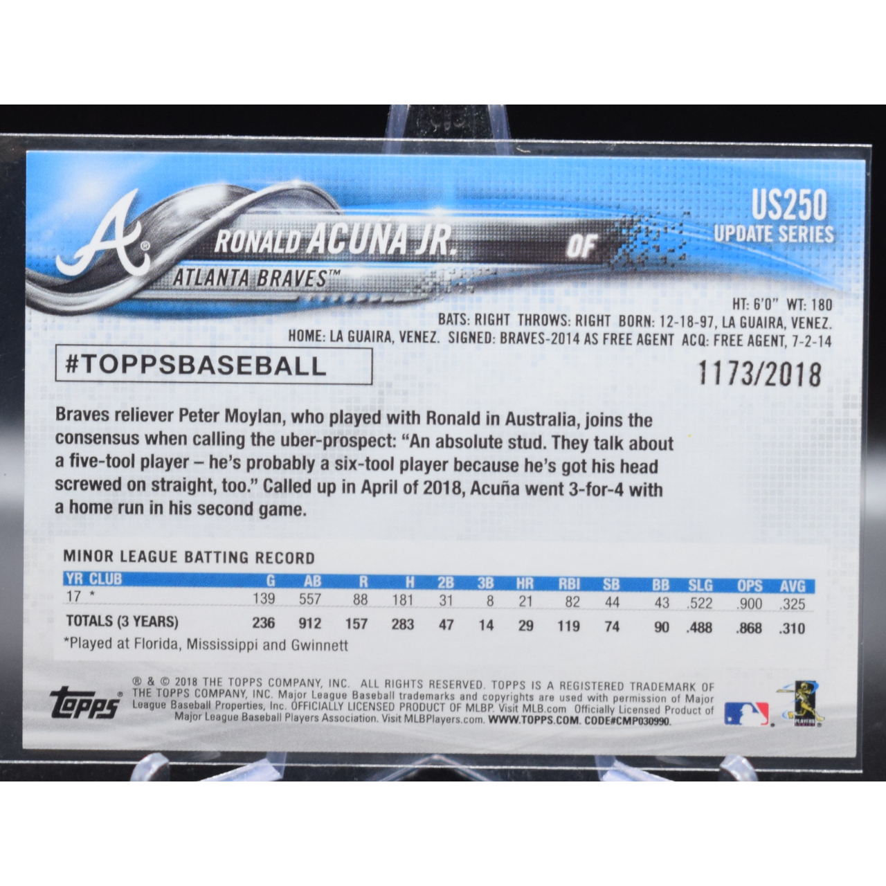 2018 Topps Update Baseball - Ronald Acuna JR US250 - Gold /2018
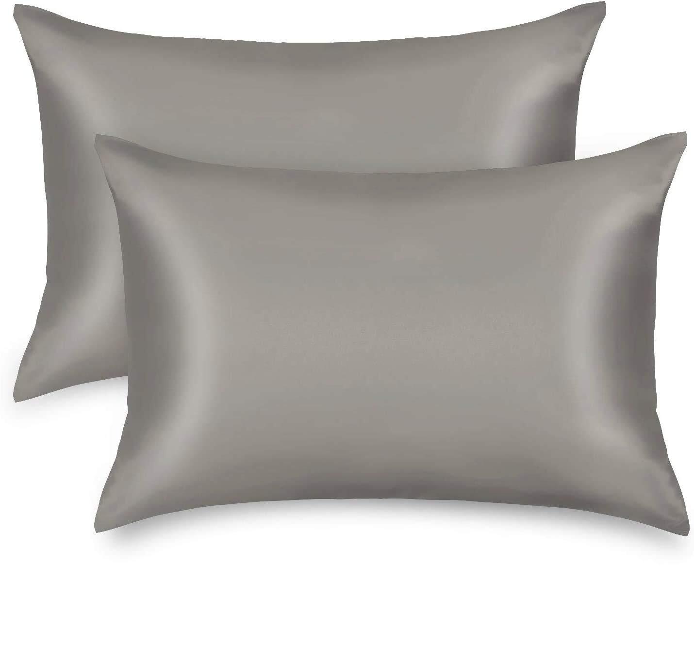 枕カバー 2枚セット サテンの枕カバー 封筒式ピローケース 美肌 美髪 両面シルクタイプ 滑らかな材質 静電気防止 (43*63, グレー)
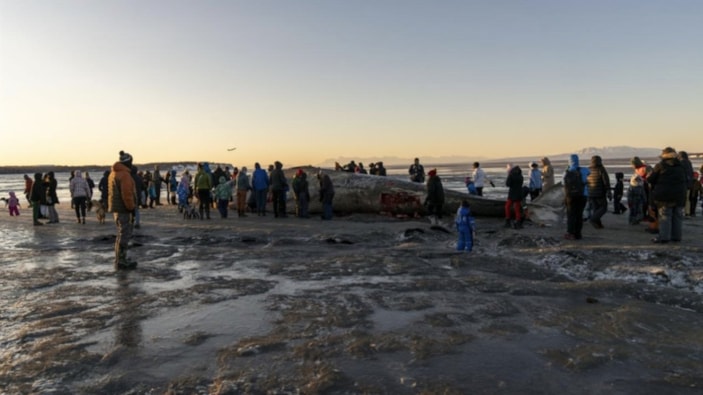 Anchorage kentindeki Cook Inlet sahilinde, dev balina karaya vurdu.
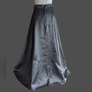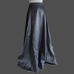 Vintage Formal Floor Length Maxi Skirt Satin Dark Grey Silver Chrome Small/Med
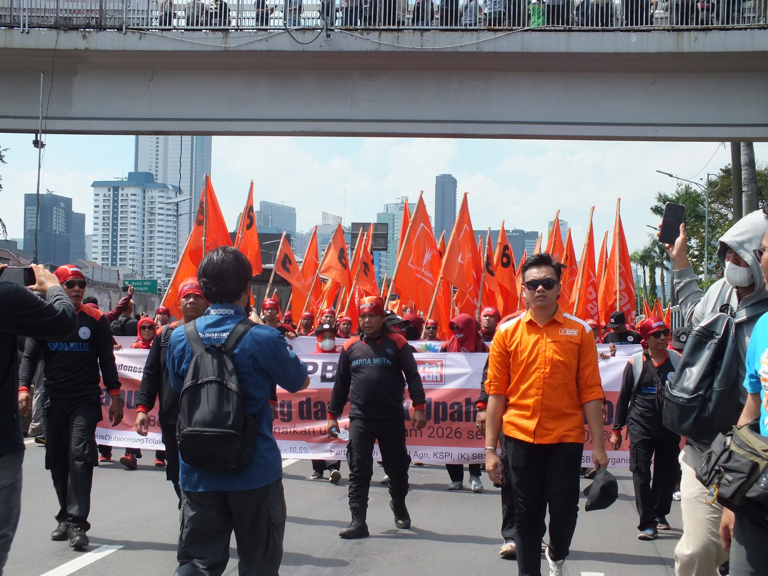 ”Tidak masuk akal upah karyawan di gedung bertingkat kalah dengan pabrik panci di Karawang atau pabrik plastik di Bekasi,” tegas Said Iqbal di tengah aksi massa.
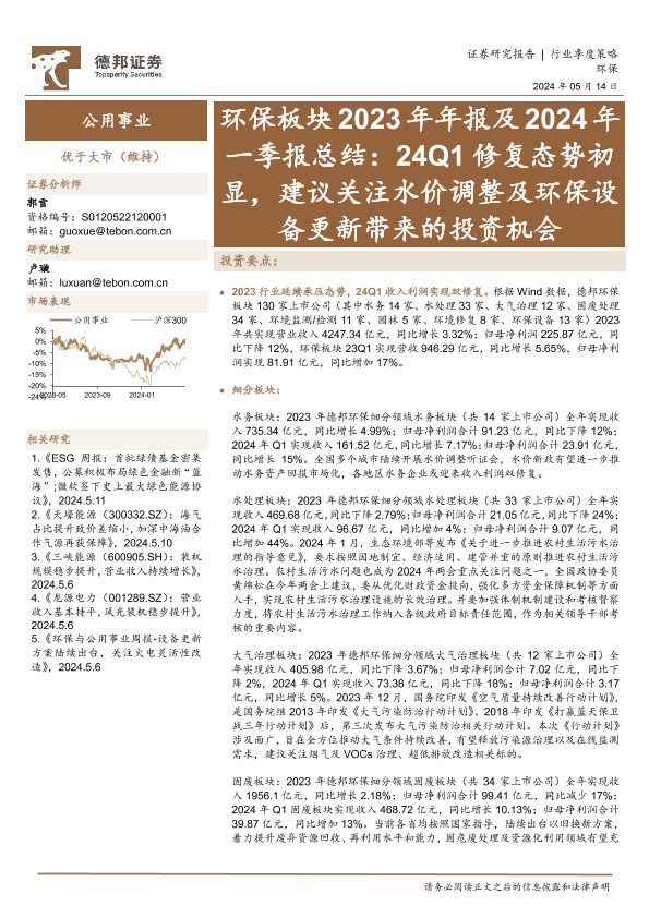 【德邦证券】【20240514】公用事业行业环保板块2023年年报及2024年一季报总结-43页
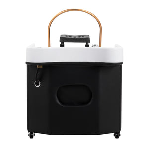 The device catches the eye with its modern form and contrasting color combination - elegant white with deep black. The minimalist body with rounded edges looks stylish and professional, fitting perfectly into the decor of modern beauty salons and SPA parlors. The washer is equipped with lockable wheels, which ensures convenient transport and stability during use. It is an ideal solution for smaller spaces – one mobile device can serve several treatment stations, making it an extremely functional and economical choice.
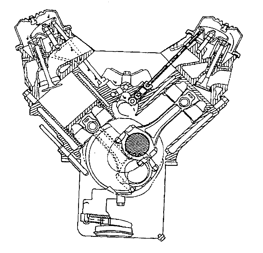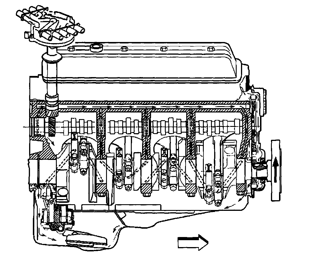 The gear-type oil pump is driven through an extension driveshaft. The extension driveshaft is driven by the distributor which is gear driven by the camshaft. The oil is drawn from the oil pan through a pickup screen and tube. Pressurized oil is delivered through internal passages in order to lubricate the camshaft and the crankshaft bearings and to provide lash control in the hydraulic valve lifters. Oil is metered from the valve lifters, through the valve pushrods in order to lubricate the valve rocker arms and valve rocker arm ball pivots. Oil returning to the oil pan from the cylinder heads and the camshaft front bearing, lubricates the camshaft timing chain and the crankshaft and the camshaft sprockets.
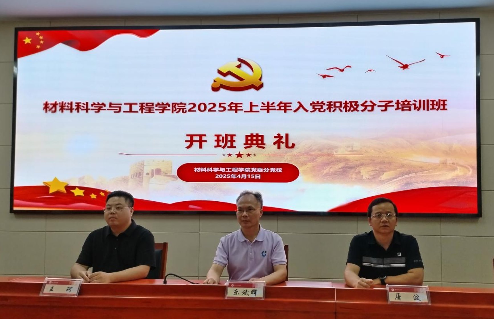 4月15日下午,院党委分党校2025年上半年入党积极分子培训班开班典礼在知行楼A144会议室隆重举行。院党委书记乐斌辉、院党委副书记屠波、专职组织员王珂老师出席典礼,本期培训班83名学员齐聚一堂,共同开启学习之旅。典礼在庄严的国歌声中正式拉开帷幕。
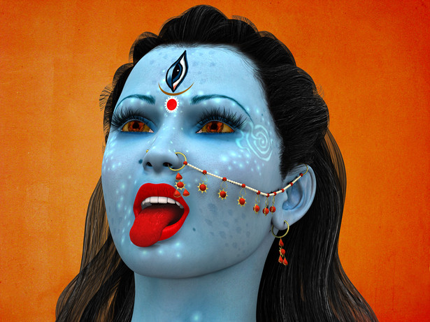 6.) then their is shamshan kali - she is not a warrior and is seen as a great liberator of souls , she is characteristic in her really long tongue but nether wears a garland of human heads nor is a warrior.. she is worshiped to obtain sidhi (means potential) (we have temples of her here in india)
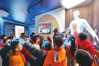11月20日,资阳市雁江区宝台镇黄泥小学三年级小学生集体参观了雁江区青少年活动中心禁毒警示教育基地。该基地是一个注重互动性、教育性和体验性的禁毒教育平台,让青少年通过活动、交流、模拟体验等方式了解毒品危害和拒毒方法,达到“警示性、教育性、趣味性”三位一体效果。图为讲解员正在讲解毒品对人体脏器的危害。 刘云涛 摄 |
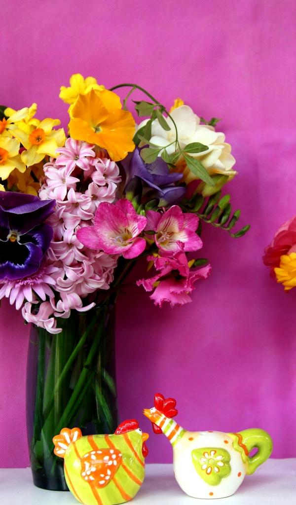 Wallpaper Bouquet of flowers in a glass vase on a violet background

-.-.-

**Requirement**
From the line that holds "4月15日下午,院党委分党校" to the last line of the records, please copy each line exactly and nothing else. Pictures stay out.

**Completed exercise**
 4月15日下午,院党委分党校2025年上半年入党积极分子培训班开班典礼在知行楼A144会议室隆重举行。院党委书记乐斌辉、院党委副书记屠波、专职组织员王珂老师出席典礼,本期培训班83名学员齐聚一堂,共同开启学习之旅。典礼在庄严的国歌声中正式拉开帷幕。
 6.) then their is shamshan kali - she is not a warrior and is seen as a great liberator of souls , she is characteristic in her really long tongue but nether wears a garland of human heads nor is a warrior.. she is worshiped to obtain sidhi (means potential) (we have temples of her here in india)
11月20日,资阳市雁江区宝台镇黄泥小学三年级小学生集体参观了雁江区青少年活动中心禁毒警示教育基地。该基地是一个注重互动性、教育性和体验性的禁毒教育平台,让青少年通过活动、交流、模拟体验等方式了解毒品危害和拒毒方法,达到“警示性、教育性、趣味性”三位一体效果。图为讲解员正在讲解毒品对人体脏器的危害。 刘云涛 摄 |
 Wallpaper Bouquet of flowers in a glass vase on a violet background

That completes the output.